| 脳梗塞(脳塞栓)とは? |
脳血管障害または脳血管疾患と呼ばれる脳の病気は、脳梗塞、脳出血、クモ膜下出血に代表される脳の病気の総称です。脳血管障害のうちで急性、発作的に突然発症し、意識障害や片麻痺、失語症などの神経症候を伴って倒れる病気です。このように突然倒れてしまう脳疾患を総称して脳卒中、中気、中風などと呼んでいます。この他にも、もやもや病、慢性硬膜下血腫などの脳血管障害があります。
脳血管障害には、下記のように閉塞性の病気と出血性の病気とがあります。
・閉塞性:脳梗塞(脳血栓、脳塞栓)
・出血性:脳出血、くも膜下出血など
脳卒中の発作があると、脳の血管が詰まったり、敗れたりするために、その先の細胞に酸素や栄養分が届かなくなり、細胞が壊死してしまいます。その結果、半身麻痺が起きたり、ろれつが回らなくなったりします。また、ときには、発作の起こる前触れ的症状として、手足のしびれ、ものが二重に見える、ちょっとの間、言葉がでてこないなどが起こることがあります。このような症状は、脳の血管の一部が瞬間的に詰まるために起こると考えられます。

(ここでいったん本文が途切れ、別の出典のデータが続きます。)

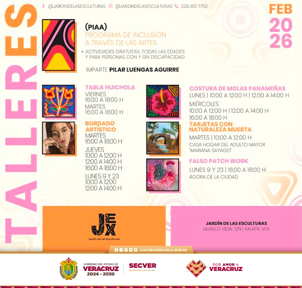 Xalapa, Ver., 04 Febrero 2026.- La Secretaría de Cultura de Veracruz (SECVER), mediante el Programa de Inclusión a través de las Artes (PIAA), invita al público en general a participar en los talleres inclusivos que tendrán lugar durante el presente mes en el Jardín de las Esculturas de Xalapa (JEX), cuya entrada es libre.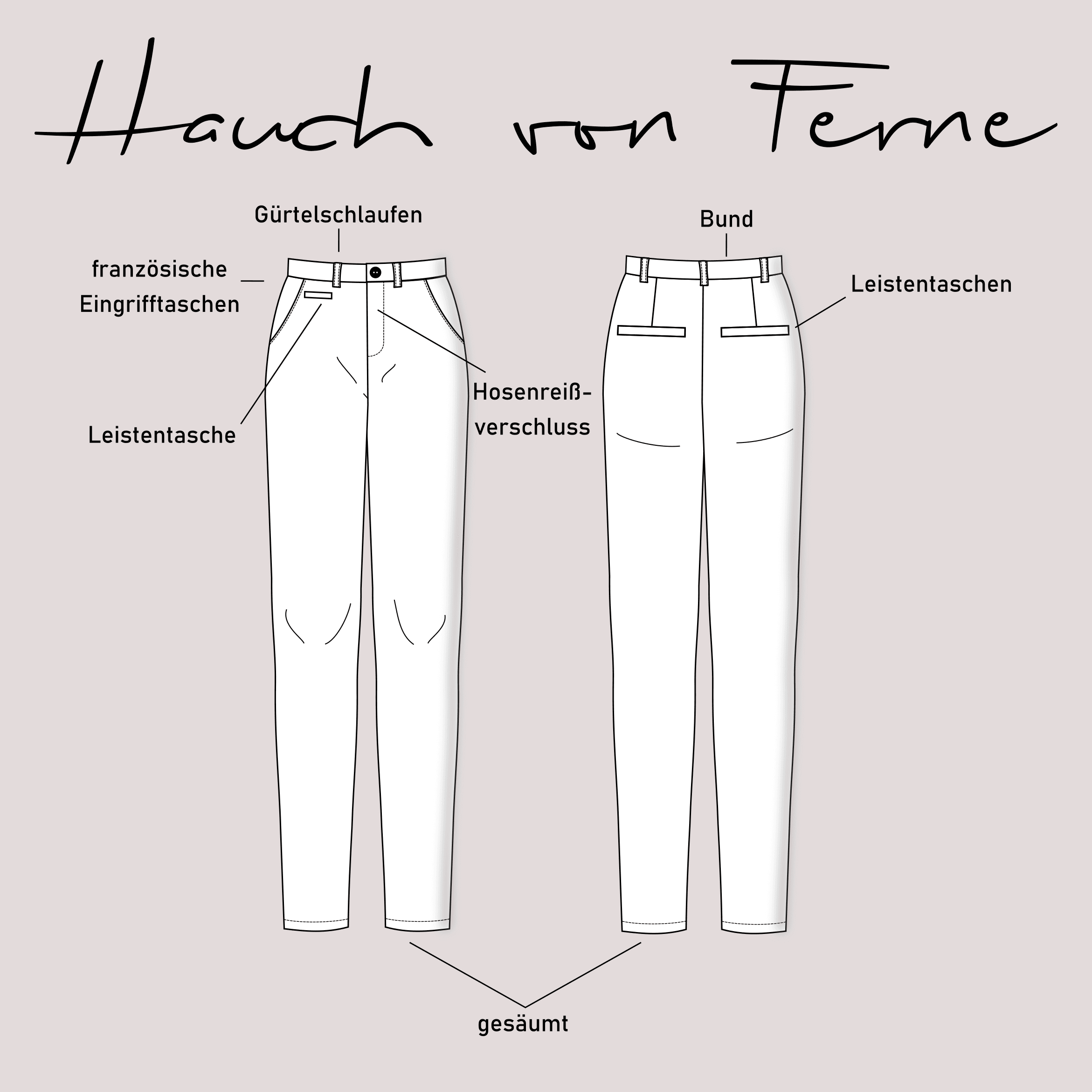 • Als Material eignet sich Hosenstoffe wie z.B. Baumwolltwill, Baumwollköper, Leinen-Mischgewebe, Leinen, Jeans (nicht zu dick), Cord, und viele weitere (max. 3% Elasthan), sowie Baumwollstoffe für die Taschenbeutel und den inneren Bund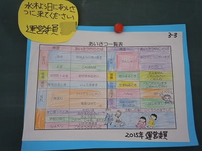 また、先週の給食の時間には、運営委員さんが各教室を回って、あいさつ週間の掲示物を持ってまわってくれていました。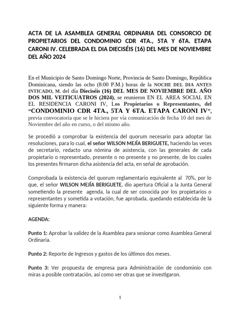 sometiendo la presente agenda, la cual de ser conocida por los propietarios o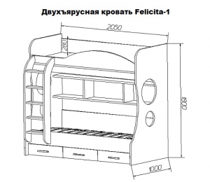 • Спальное место: верхнее — 2000х800;нижнее – 2000х900.

脳梗塞は、脳内部の血管が詰まり血流が絶たれた状態の病気で、血管の詰まり方により次の3つのタイプに分けられています。
・アテローム血栓性梗塞:脳の太い血管の内側にドロドロのコレステロールの固まりができ、そこに血小板が集まって動脈をふさぐタイプ。
・ラクナ梗塞:脳の細い血管に動脈硬化が起こり、詰まってしまうタイプ。
・心原性脳塞栓症:心臓で出現した血栓が脳まで流れてきて血管を塞ぐタイプ。脳卒中死亡者の約60%を占めます。
|
| 脳梗塞(脳塞栓)の原因 |
脳梗塞、脳出血などほ脳疾患は、高血圧、高脂血症、糖尿病、肥満などの生活習慣病が遠因となって発症します。これらの遠因となる病気があると、動脈硬化が進行し、これが直接原因となって脳血管障害が引き起こされるのです。急性の発症がなくても、無症状で繰り返すような脳梗塞もあり、老齢期には脳血管性認知症を発症することもあります。
脳以外の場所でできた血液や脂肪等のかたまりが、脳に運ばれて脳の血管を詰まらせる状態が脳塞栓です。脳塞栓の場合は心筋梗塞や心臓弁膜症などの心臓疾患から生じることが多く、凝血片、脂肪、空気などが脳血管につまっておこります。
|
| 脳梗塞(脳塞栓)の診断 |
脳卒中の発作が起きて倒れてしまった場合、どのタイプの脳卒中なのか判定するためにCT、MRI、MRAなどの最新の検査機器で調べ診断します。これらはX線や磁気の作用を使って脳内部の状態を画像化する検査です。
| CT |
脳にX線を照射しコンピュータで断面画像を得ます。脳のどこに出血や梗塞があるか調べることが出来ます。
|
| MRI |
MRIとは、磁気共鳴診断装置のことです。脳に磁気をあててコンピュータで画像化します。CTではよくわからないような脳梗塞も、詳細に調べることが出来ます。
|
| MRA |
MRAとは、磁気共鳴血管造影法のことです。MRIによって血管だけを鮮明な画像化する方法です。
|
脳梗塞の場合には発作の前兆となる症状があるので、これを見逃さないことが発作を防ぎ早期治療を受けるコツです。次のような徴候があったら気をつけましょう。
・体の片側が痺れる。手足に力が入らない。
・歩きたいのに足がもつれてしまう。
・話したいのに、急に言葉が発せない。
・ろれつがうまく回らない。
・他人の話が一時的に理解できない。
・いろいろなものが二重に見える。
・片眼が見えなくなったり、暗くなったりする。
・食べ物がうまく呑み込めない。
|
| 脳梗塞(脳塞栓)の治療 |
高血圧、高脂血症、糖尿病、肥満のある人が脳卒中になる確率は格段に高くなります。従って、脳卒中の予防的観点からは、まず食事療法が必要です。また、高血圧のある人は特別に危険なので血圧降下剤などの服用が不可欠です。そして、適度な運動が必要となります。多量飲酒は駄目です。また、できれば喫煙も完全に止めてしまいたいものです。